BLEU is widely used in machine translation but has significant limitations: it rewards word overlap, not meaning. "The cat sat on the mat" and "A feline rested upon the rug" score poorly against each other despite similar meaning.
Perplexity measures how surprised a language model is by new text. Lower is better - a perplexity of 20 means the model is, on average, choosing among 20 equally likely next words. A good model has low perplexity because it predicts text well.
GPT-4 achieves remarkably low perplexity on English text, reflecting its strong language understanding.
The BLEU metric was introduced in 2002 and quickly became the standard for machine translation evaluation. Despite known flaws, it remained dominant for nearly two decades because no simple alternative consistently correlated better with human judgement.
Offline metrics are necessary but not sufficient.
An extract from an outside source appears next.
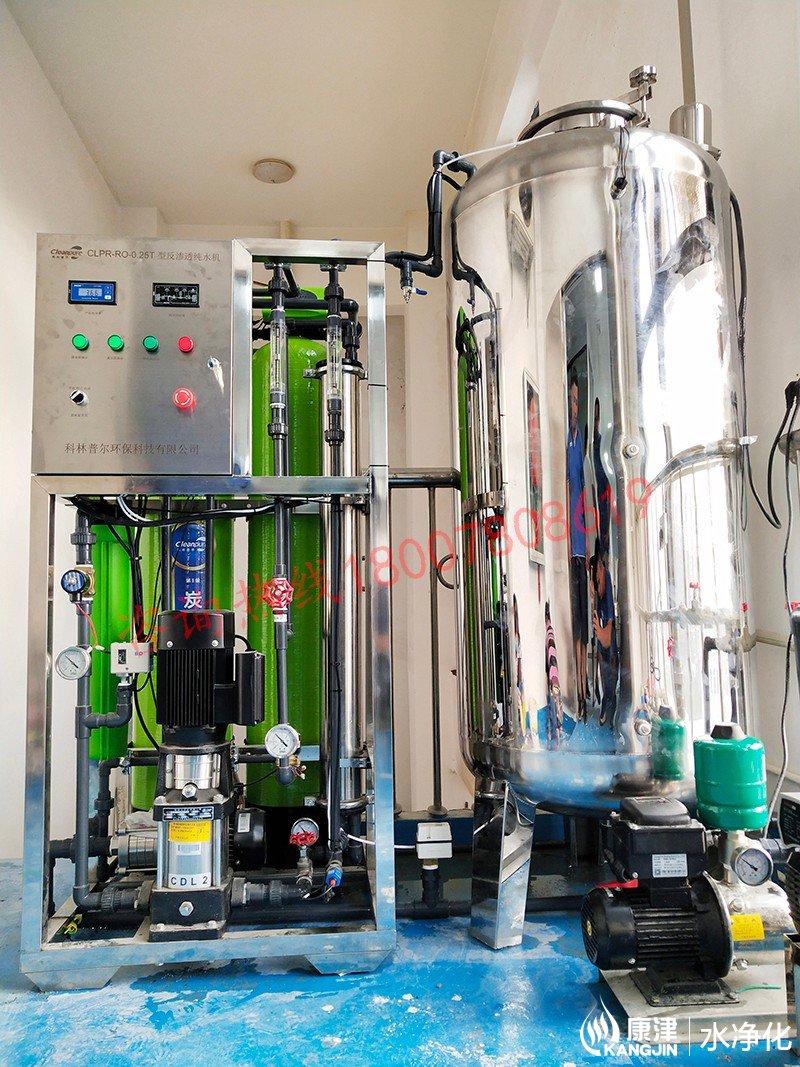 項(xiàng)目名稱:大三元火鍋0.25噸反滲透純凈水設(shè)備 設(shè)備名稱:0.25噸反滲透純凈水設(shè)備 工藝流程:原水箱-原水泵-石英砂過濾器-活性炭過濾器-精密過濾器-反滲透設(shè)備-凈水箱-變頻供水-各點(diǎn)用水...

The ultimate test is A/B testing: deploy two model versions to different user groups and measure real-world outcomes.
Production metrics often diverge from offline metrics because users behave unpredictably.
Why might a model with excellent offline metrics perform poorly in A/B testing?
| Scenario | Primary metric | |----------|---------------| | Balanced classification | Accuracy, F1 | | Imbalanced classes | Precision, Recall, AUC | | Medical screening | Recall (sensitivity) | | Spam filtering | Precision + Recall balance | | Machine translation | BLEU, METEOR | | Language model quality | Perplexity | | Production impact | A/B test outcomes |
You are building a self-driving car's pedestrian detection system. A false negative means failing to see a pedestrian; a false positive means braking for a shadow. Which metric do you optimise, and what trade-off are you willing to accept?